In the second installment of our blog series, David Gaines, English professor and Dylan expert (and superfan), answers the Dylan Questionnaire.

What was the first Dylan album you purchased? What’s your favorite? Your least favorite?

First album: The Freewheelin’ Bob Dylan in Grand Prairie, Texas at Wray’s Record Store in 1963. Favorite: Blood on the Tracks (and New York Sessions even more than what we got initially). Least favorite: Knocked Out Loaded (with the crucial exception of “Brownsville Girl”).

What’s Dylan song tops your personal playlist and why?

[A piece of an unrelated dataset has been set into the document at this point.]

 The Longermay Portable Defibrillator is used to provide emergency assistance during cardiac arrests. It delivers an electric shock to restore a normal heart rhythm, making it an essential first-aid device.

“Mr. Tambourine Man” for when I first heard it and every time I hear it. The penultimate stanza (Then take me disappearin’ through the smoke rings of my mind) is beautiful beyond description and some of his live harmonica outros to it are as well.

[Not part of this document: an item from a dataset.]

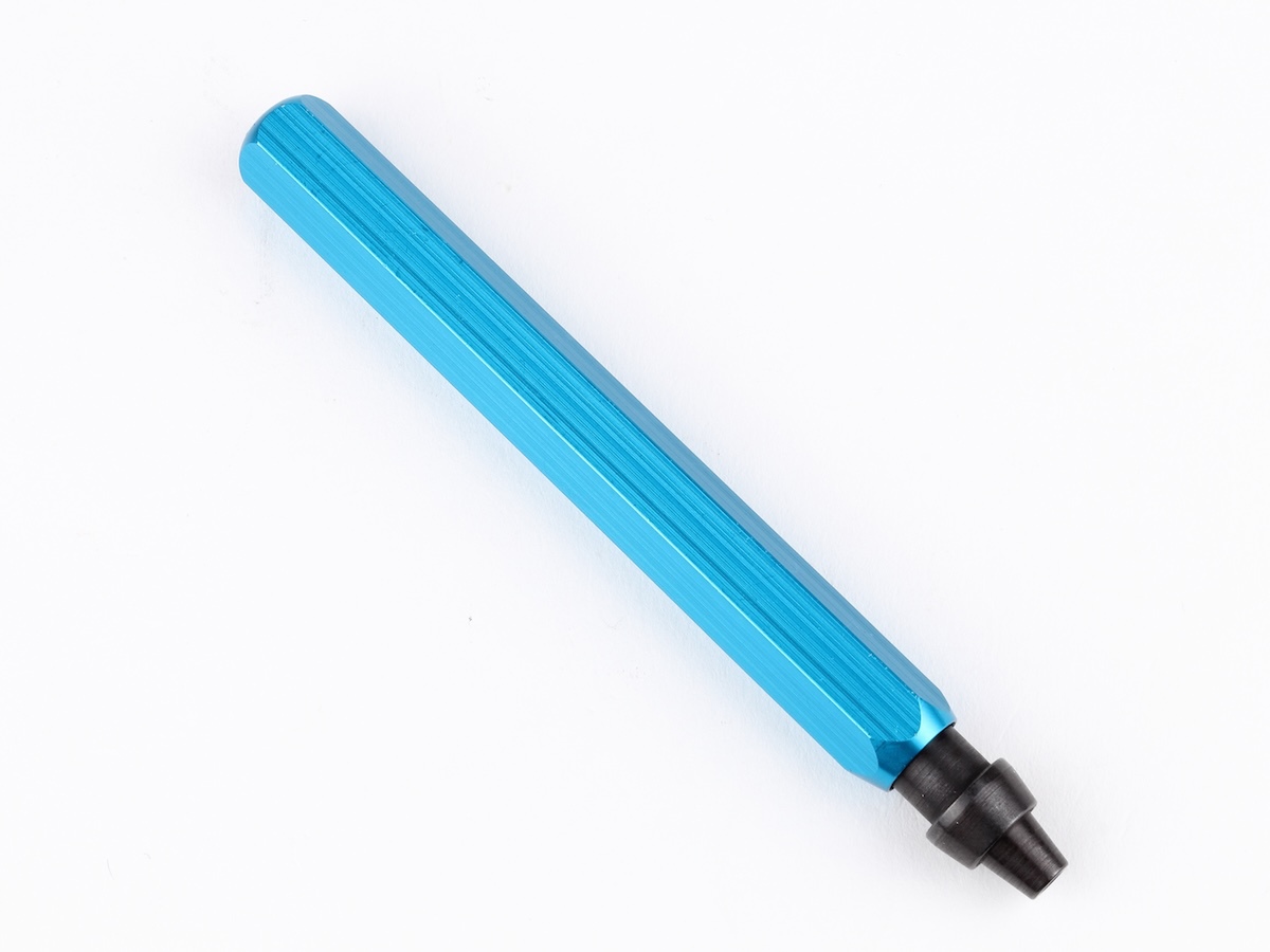 最大径約14mm、長さ約125mm、重量約47gの金属製ハンドル。細身のアルミボディで、先端のブレード装着部はスチールでしょうか。手にした感じは重量感のある太めのペン、といった感じで、細かい作業でも安定して使えそうな雰囲気があります。

How many Dylan concerts have you attended? Describe the performance you found most memorable.

I’ve seen Dylan a little over a dozen times over forty plus years. His performance in Grand Prairie in 2012 (the night after seeing Leonard Cohen in Austin) was particularly resonant for me because (1) the performance was less than five miles from where I grew up listening to Dylan in Wray’s and on the radio and (2) we were right at the stage when he turned in our general direction and adlibbed and that’s a long time right after the line the next sixty seconds can feel like eternity in “Things Have Changed.” Sitting at his white piano and sort of looking our way, he grinned as if he was indeed pleased with the moment.

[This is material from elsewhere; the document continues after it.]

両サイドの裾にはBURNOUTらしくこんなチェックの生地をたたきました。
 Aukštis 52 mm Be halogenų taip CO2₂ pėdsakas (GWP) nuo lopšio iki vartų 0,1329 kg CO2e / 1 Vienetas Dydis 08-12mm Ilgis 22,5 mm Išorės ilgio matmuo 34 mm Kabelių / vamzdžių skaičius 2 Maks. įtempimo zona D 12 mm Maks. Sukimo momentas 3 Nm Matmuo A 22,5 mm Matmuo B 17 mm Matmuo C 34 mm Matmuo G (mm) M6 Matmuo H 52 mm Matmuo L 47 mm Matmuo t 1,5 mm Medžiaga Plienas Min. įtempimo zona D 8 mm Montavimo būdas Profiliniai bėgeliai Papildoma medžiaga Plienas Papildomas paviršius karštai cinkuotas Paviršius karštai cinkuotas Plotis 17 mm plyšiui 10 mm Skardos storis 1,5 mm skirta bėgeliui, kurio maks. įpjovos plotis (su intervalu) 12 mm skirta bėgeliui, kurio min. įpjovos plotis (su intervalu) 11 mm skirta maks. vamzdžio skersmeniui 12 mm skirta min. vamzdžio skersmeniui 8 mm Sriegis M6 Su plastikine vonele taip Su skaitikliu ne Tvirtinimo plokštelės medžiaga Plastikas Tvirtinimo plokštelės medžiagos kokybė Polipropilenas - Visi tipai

In no more than 100 words, describe why Dylan matters.

Dylan has given us much of the soundtrack of the last fifty years. His lyrics that pop up on Tiananmen Square and Madison Avenue as well as in judicial decisions and sports broadcasts. His music provides ways into conversations about art, politics, love, faith, and creativity. Dylan’s work has run through my closest relationships in and out of classrooms and cars, houses and bars. It reminds us of what matters and endures. Our lives are richer for his mind, heart, humor, and courage.

David Gaines is Professor of English and Director of Fellowships and Scholarships at Southwestern University in Georgetown, Texas. He has received numerous teaching and advising awards in his thirty-year career. Author of In Dylan Town: A Fan’s Life (University of Iowa Press, 2015) and articles for a wide variety of publications ranging from The Chronicle of Higher Education and The Boston Globe to Texas Monthly and Dylan fanzines Montague Street and The Bridge, he is currently working on a project about Dylan’sTheme Time Radio Hour as well as a history of 630 acres in the Texas Hill Country. His thoughts on Dylan’s reception of the Nobel Prize were broadcast on Al Jazeera, National Public Radio, and the official SVT documentary. His wife Norma and all four of their children are Dylan fans of varying degrees. And the first song his newborn granddaughter Willow heard three weeks ago was Dylan’s version of “Froggy Went a Courtin’.”